Protection for the people involved with your company is essential for virtually every business. Whether it’s your staff or your customers, you should consider having insurance in place in case harm should come to any of them. As an example, if your business was blamed for causing injury to a member of the public, there’s a good chance you would not be able to afford a legal defence and/or compensation on your own. Policies you can consider taking out include public liability insurance, employers’ liability insurance and professional indemnity insurance.
Naturally occurring risks are just as big a threat to your business as any other, including fires, floods, storms, and land subsidence. The amount of damage that these events can cause is often overwhelming, and can cause no end of problems for your business. You should make sure that you have – at the very least – basic levels of cover against environmental risks. It may be worth checking whether the location in which your business remises is situated is particularly prone to any natural risks.
Before you start worrying that your business insurance is going to cost you a fortune, remember that when it comes to cost and insurance, the focus should always on value for money, rather than straight up cost. If you make sure that you’re getting what you need for the right price – however much that may be – then you can rest assured that your money isn’t going to waste.
How to Get the Most Bang for Your Insurance Buck
Balanced level of cover
Having a balanced level of cover means making sure that you’re not spending a lot of money on insurance that you may not benefit you all that much, but also making sure that you’re not so minimally covered that you’re still at risk. You should aim to take out middle-of-the-road coverage that will insurance you against the risks most pertinent to your business.

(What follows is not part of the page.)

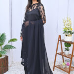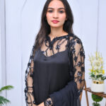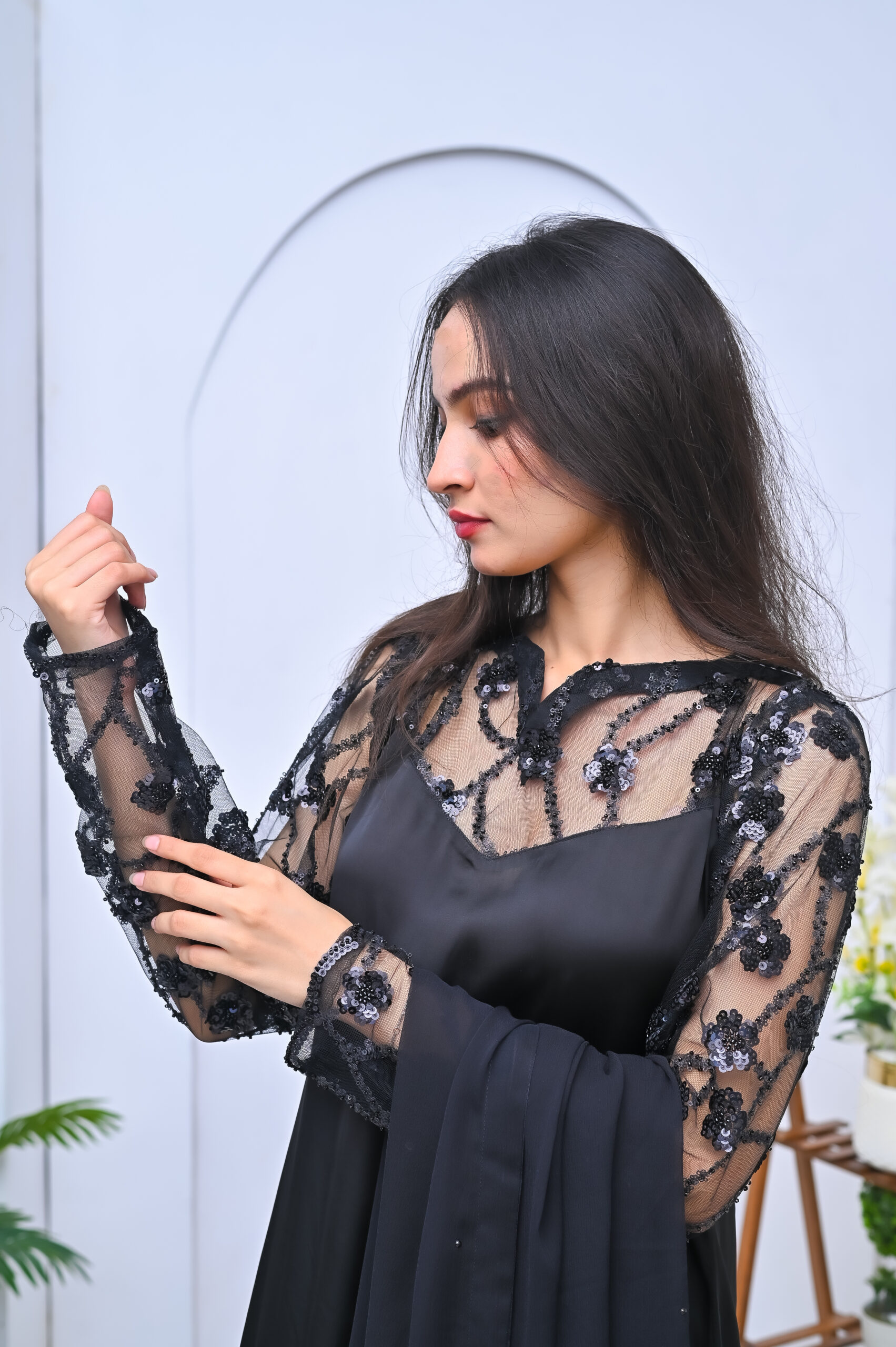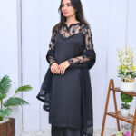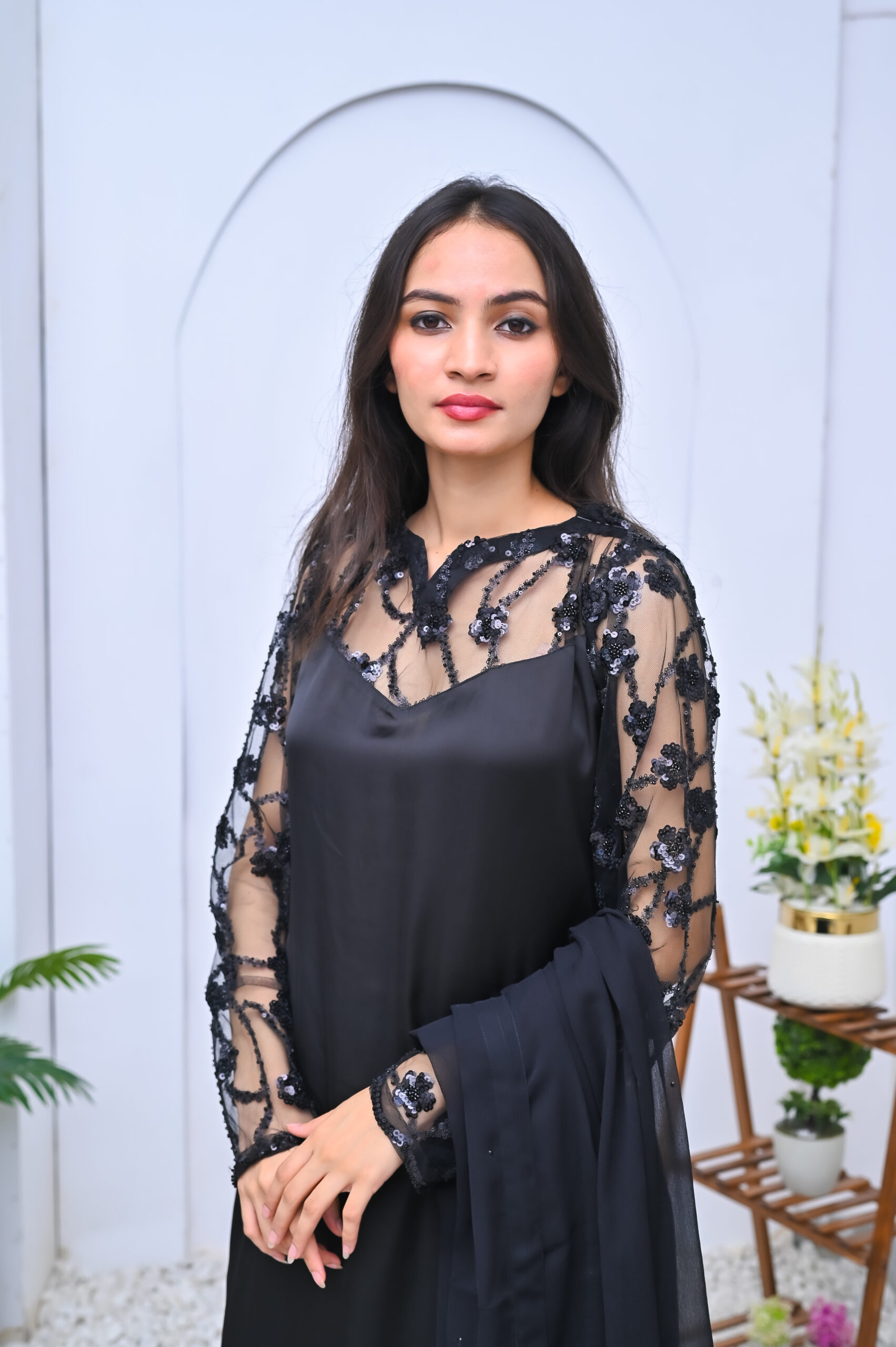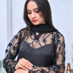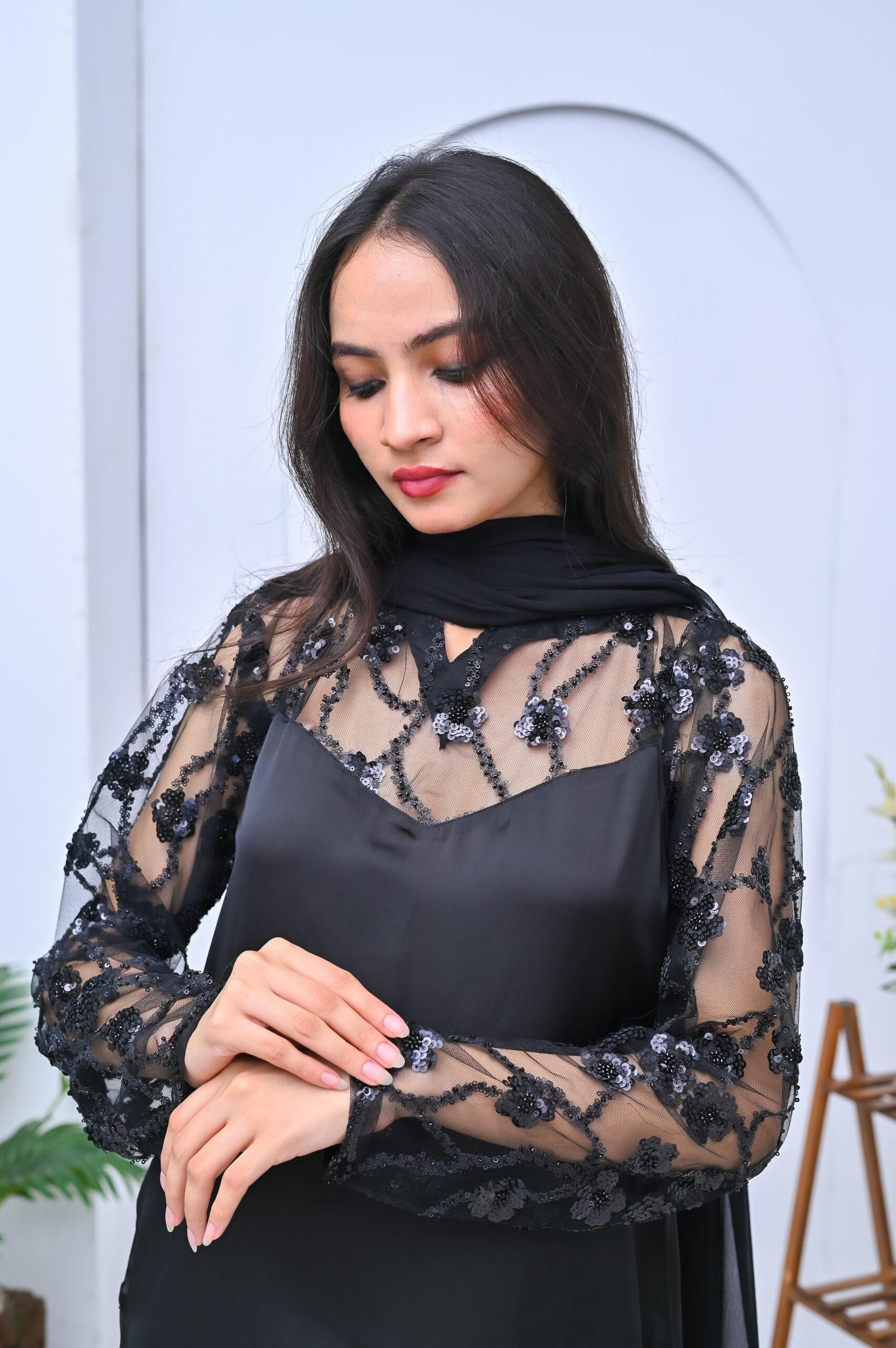 A chic and modern two-piece outfit in classic black, featuring stylish sheer shoulder detailing. Perfect for evening events or formal gatherings with a touch of elegance

Or at least be as exact as you can be. For example, if you decide to take out contents insurance, don’t take an uneducated guess at the value of your stock, because it will only come to haunt you in the event of a claim. You may not be able to provide the exact figure, but take the time to get as close as you possibly can.
You should also make sure that your insurance policies are always up to date with any changes that you make in your business. If you have equipment insurance in place, and then invest in a lot of high-tech specialist equipment, chances are that revisions will have to be made to your policy in order to be properly covered.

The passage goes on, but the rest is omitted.